# How to vacuum seal mason jars without heat?



## KTex (Apr 9, 2015)

Hi all-
I'd like to NON HEAT seal (get that "pop" when I open) my honey in mason jars in sizes from 4 oz to 8 oz. There is sooo much confusing information about equipment I need. It's just for my use, so I don't want to spend a fortune or go through a major project. I did watch the youtube video someone posted, but I still would like simple, clear input about just simple NON HEAT sealing. Thanks!


----------



## tanksbees (Jun 16, 2014)

You could vacuum seal them with a food saver:
http://www.foodsaver.com/accessories/foodsaver-wide-mouth-jar-sealer/T03-0023-01P.html


----------



## Bee Bliss (Jun 9, 2010)

Get a Food Saver which is a food vacuum sealer. Make sure it is a model that will seal canning jars. You will have to get the wide or narrow mouth attachment. Honey in jar, put lid on (no ring), add the attachment connected to a tube to the machine. Press seal.


----------



## enjambres (Jun 30, 2013)

I think that some of the home vacuum food sealing appliances have an adpater that wil vacuum seal mason jars with two-piece, metal lids. Food-Saver may be one brand. You can buy some models at Walmart, so not terribly expensive. 

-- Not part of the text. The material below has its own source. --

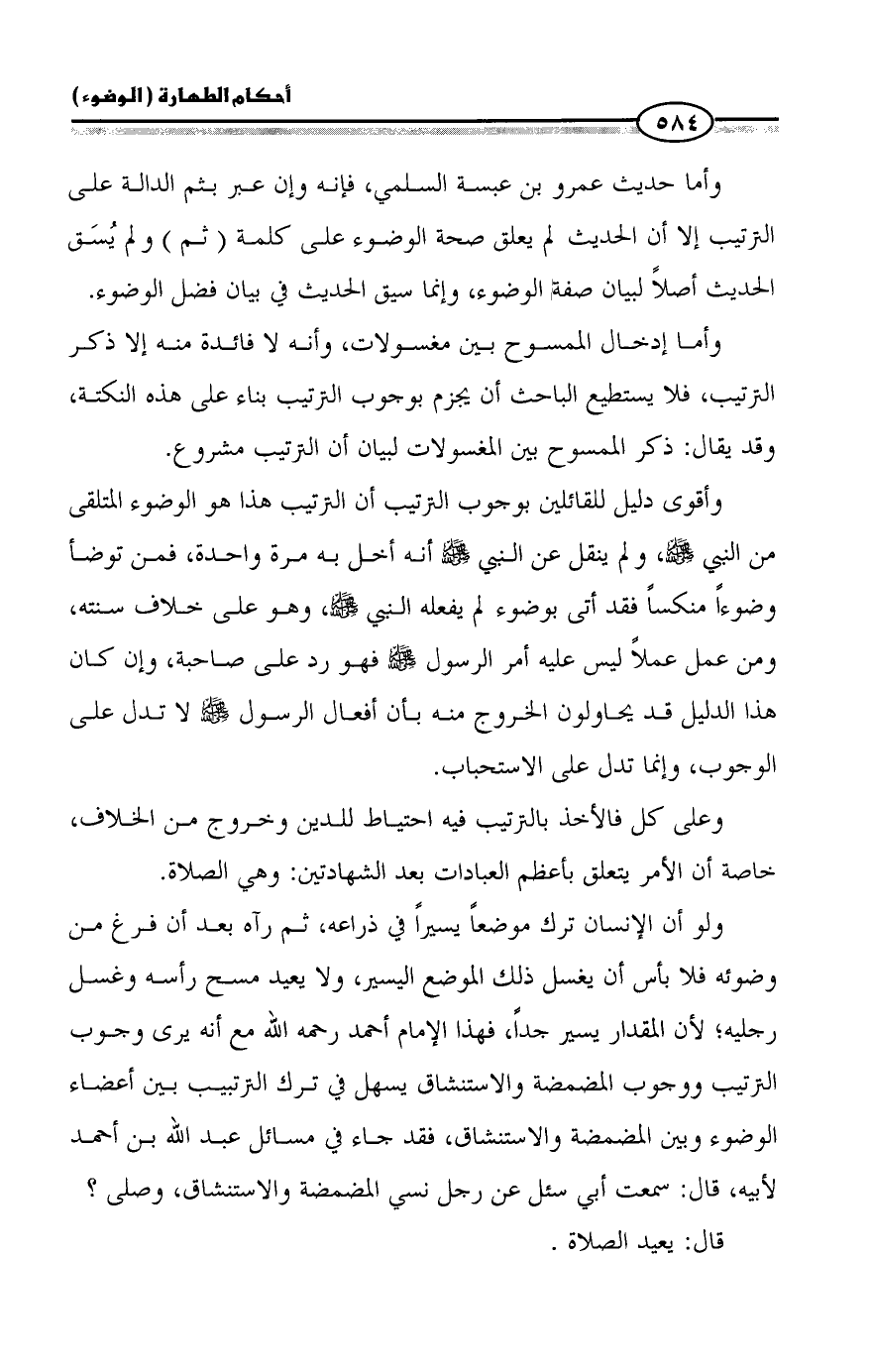 وأما حديث عمرو بن عبسة السلمي، فإنه وإن عبر بثم الدالة على الترتيب إلا أن الحديث لم يعلق صحة الوضوء على كلمة (ثم) ولم يُسَق الحديث أصلاً لبيان صفة الوضوء، وإنما سيق الحديث في بيان فضل الوضوء.
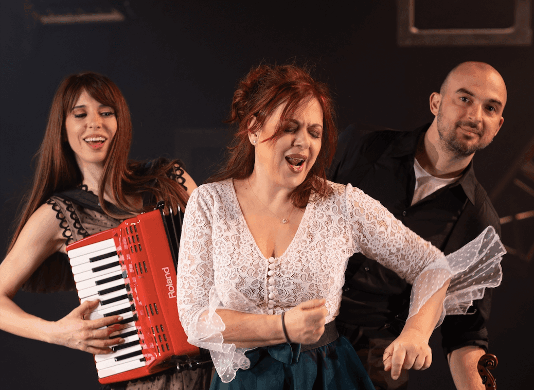 Επί σκηνής, η αέρινη Μιρέλλα Πάχου τραγουδά, παίζει ακορντεόν και συνοδεύει τη ροή του έργου με μοναδική ευαισθησία.

I'm not sure how hot you might be willing to heat your honey, but I get a vaccum seal on half-gallon mason jars that mix my 1:1 syrup in, just using my hot (140F) tap water. If I do a big batch for some reason and make more jars than I need right away, as it cools it forms a seal that requires "popping" to open later on. You could try that with water of whatever temp you'd have the honey. I expect it's not as good (durable, tight, etc.,) a seal as you would need on canned vegetables but people store bulk honey in all kinds of merely tighty closed containers, as opposed to true vacuum-seals.

HTH

Enj.


----------



## John Scifres (Mar 25, 2014)

Just curious as to why?


----------



## Rusty Hills Farm (Mar 24, 2010)

Just so you know....Honey doesn't spoil, so there is no need to seal the jars. 

Rusty


----------



## KTex (Apr 9, 2015)

John Scifres said:


> Just curious as to why?


Some parents at my son's gymnastics center want some, and I'm more than willing to share. They were wondering if I could seal with that "pop" (I think just to feel good about it, even though I've told them it's not necessary). I'm actually willing to do it because when I drive it to the gym (dirt roads to a winding paved road for an hour) I won't have to worry about gunky leaking.
Thanks!


----------



## KTex (Apr 9, 2015)

To all: thanks so much for the reassurance!!!! I know some of the answers have been posted before, but it didn't seem like there were many current ones, and some were really more than I needed. Please continue your great input!!!!


----------



## burns375 (Jul 15, 2013)

KTex said:


> I'm actually willing to do it because when I drive it to the gym (dirt roads to a winding paved road for an hour) I won't have to worry about gunky leaking.
> Thanks!


Really. Most jars and containers around here provide a seal. Are you putting something else in your smoker! ;-)


----------



## beedeetee (Nov 27, 2004)

From Aurora you could drive 1000-2000 feet up in the mountains, put the lids on and then drive home. I buy my jars 1200 feet in elevation below my house and on the way home I hear 6 dozen jars popping (the other way) on the way home.


----------



## Agis Apiaries (Jul 22, 2014)

Easy solution. Load then all in your car. Drive down I-25 to Colorado Springs, turn west up Highway 24, take the Pikes Peak Toll Road to the top of Pikes Peak at 14,115' where you park, put all the lids on and tighten them, then drive home. Pop! All sealed!


----------